Performance issues with v24.0.2

Our team upgraded to dgraph to v24.0.2 from v23.1.0 yesterday.
Unfortunately, this morning we had to revert the changes, as we saw very bad performance (compared to v23.1.0). To give an overview of our cluster configuration:

  • We are running on a single Hetzner AX162-R machine (alpha and zero shares this machine)
  • CPU AMD EPYC™ 9454P 48 Core
  • Memory: 1.12 TB
  • We run the alpha with the following cache configuration: --cache "size-mb=580197; percentage=10,65,25;"

Maybe you got some hints on how we can improve our configuration in order to run v24.0.2? Is there a known regression which could limit our performance? Below you can find performance metrics of the system. If necessary, we can share log output of the alpha, however I couldn’t find anything unusual. Apart from being super slow, the system operated as usual.

What is interesting to observe, is that memory usage is much lower with v24, which suggests to me, that the system is potentially not caching correctly. This lead to the hypothesis that the system is getting CPU bound, as we also observe much higher CPU usage. If you can think of any additional metrics that could be helpful I am happy to share them.

Below we graph metrics recorded during operation of v24 and compare them with operation of v23 of the same period one day before. The X-axis is for the night period, which shows very low traffic (usually from users outside our timezone). It spawns from Sep. 18, 11:30 pm – Sep 19, 9:30 am and data points are aggregated over 2 minutes.

Latency

This shows p75 latency over the grpc channel to Dgraph. It’s important to observe that v24.0.2 uses the left y-axis and v23.1.0 uses right y-axis. Note that these axes are capped respectively at 20s and 150ms. Also, in general our latency max at 20s, due to a hard 20s deadline that we enforce.

Memory usage

Here we see v24 consuming approx 65G of memory vs. 120G while operating with v23. We double-checked that size-mb=580197 was correctly set in both cases.

CPU usage

Here, we observe that CPU usage is much higher and unpredictable. Additionally, although you don’t see CPU reaching 100% since the data is aggregated over 2 minutes, when drilling into hot areas of the graph, we can see a plateau with the Alpha process utilizing the CPU to the max.

This situation is a bit scary, we rely heavily on Dgraph as our primary data source. We have been observing other problems already on v23, which motivated the upgrade to v24. The above results are giving us the feeling that we are in a dead end.

5 Likes

Hey @Joschka - I have had similar issues w/ older Dgraph binaries. The underlying problem could be because of Dgraph (and badger is my guess).

I would be curious to learn more about your data patterns, and queries you are executing. I would be interested in helping you out (if you are open to it).

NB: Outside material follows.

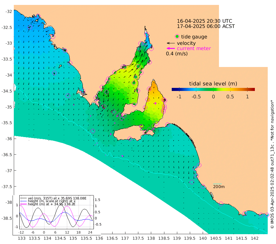 1cm/s 83T +10cm/s rms + 5cm/s 114T. SAM1DS 520m 4cm/s -142T +13cm/s rms + 5cm/s -36T. SAM2CP 100m 2cm/s 60T +21cm/s rms + 18cm/s 142T. SAM3MS 168m 7cm/s 128T +22cm/s rms + 0cm/s -30T. SAM4CY 117m 5cm/s 176T +23cm/s rms + 2cm/s 99T. SAM5CB 94m 4cm/s -165T +8cm/s rms + 3cm/s -172T. SAM6IS 83m 1cm/s 42T +11cm/s rms + 7cm/s 150T. SAM7DS 519m 11cm/s -176T +10cm/s rms + 2cm/s 87T. SAM8SG 47m 9cm/s -170T +20cm/s rms + 12cm/s -168T. NRSKAI 101m -49cm Warrnambool -46cm Port Fairy -46cm Portland -42cm Port Macdonnell -43cm Beachport -45cm Cape Rabelais (off) -44cm Robe -46cm Cape Jaffa -47cm Kingston -41cm Victor Harbor -41cm Vivonne Bay 19cm Kingscote 12cm American River 4cm Penneshaw 12cm Cape Jervis 29cm Second Valley 50cm Port Noarlunga 53cm Port Stanvac 57cm Brighton 58cm Glenelg 68cm Port Adelaide (Outer Harbor) 61cm Angus Inlet (Garden Island) 93cm Ardrossan 68cm Port Vincent 53cm Port Giles -17cm Stenhouse Bay -24cm Althorpe Island -24cm Pondalowie Bay -14cm Point Turton -9cm Port Victoria -8cm Cape Elizabeth -16cm Tiparra Reef Light -18cm Wallaroo -14cm Middle Bank -36cm Port Broughton -55cm Port Pirie -52cm Red Cliff Point (Beacon 5) -40cm Port Bonython -34cm Whyalla -31cm Western Shoal Beacon -2cm Franklin Harbor -3cm Franklin Harbor Entrance Beacon -7cm Arno Bay -11cm Port Neill -12cm Cape Hardy -17cm Tumby Bay -22cm Reevesby Island -25cm Port Lincoln -32cm Taylors Landing -14cm Whalers Bay -30cm Wedge Island Mooring -42cm Shelf Edge Mooring -48cm Coffin Bay Entrance Beacon -43cm Greenly Island -48cm Elliston -45cm Pearson Island -37cm Venus Bay -59cm Blanche Port (Streaky Bay) -59cm Thevenard -53cm St Francis Island
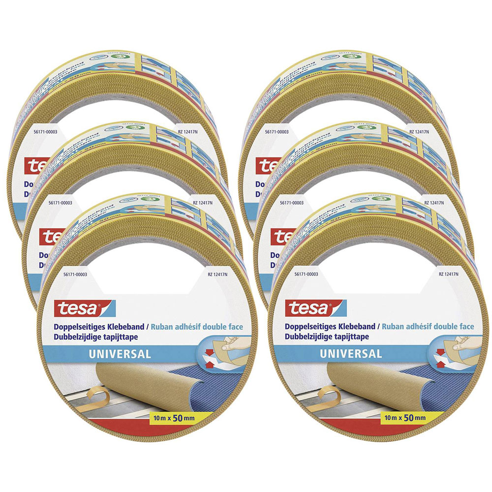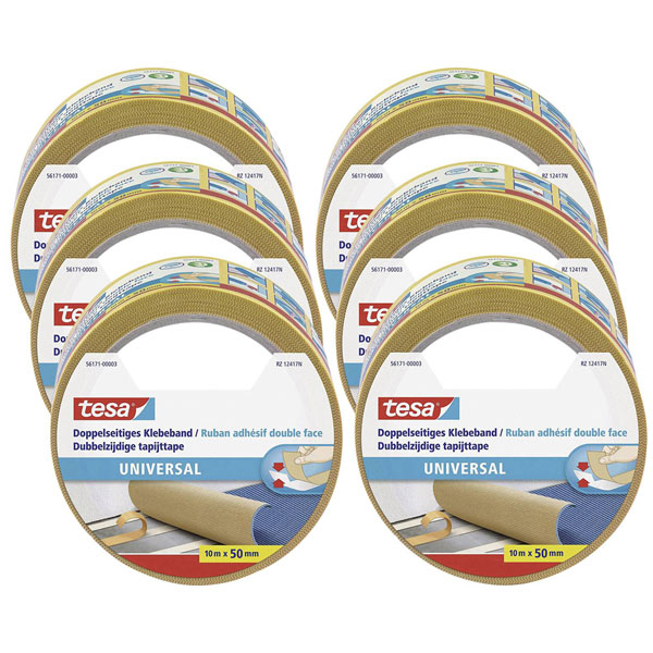 tesa 56171 Universal double sided Adhesive Tape 10m x 50mm 6 pack

I had spent months optimizing workloads in the past, when I learnt dgraph couldnt deliver on certain performance constraints I had.

Hi @honeybadger

Thanks for your reply. Our issue is not with an older binary though, but with the newest version of Dgraph (release grabbed from the GitHub release channel). We are using Dgraph since version v1.X (I just checked, the earliest commit on our codebase that mentions Dgraph is from March 2018) and never saw worse performance when upgrading to a newer Dgraph version.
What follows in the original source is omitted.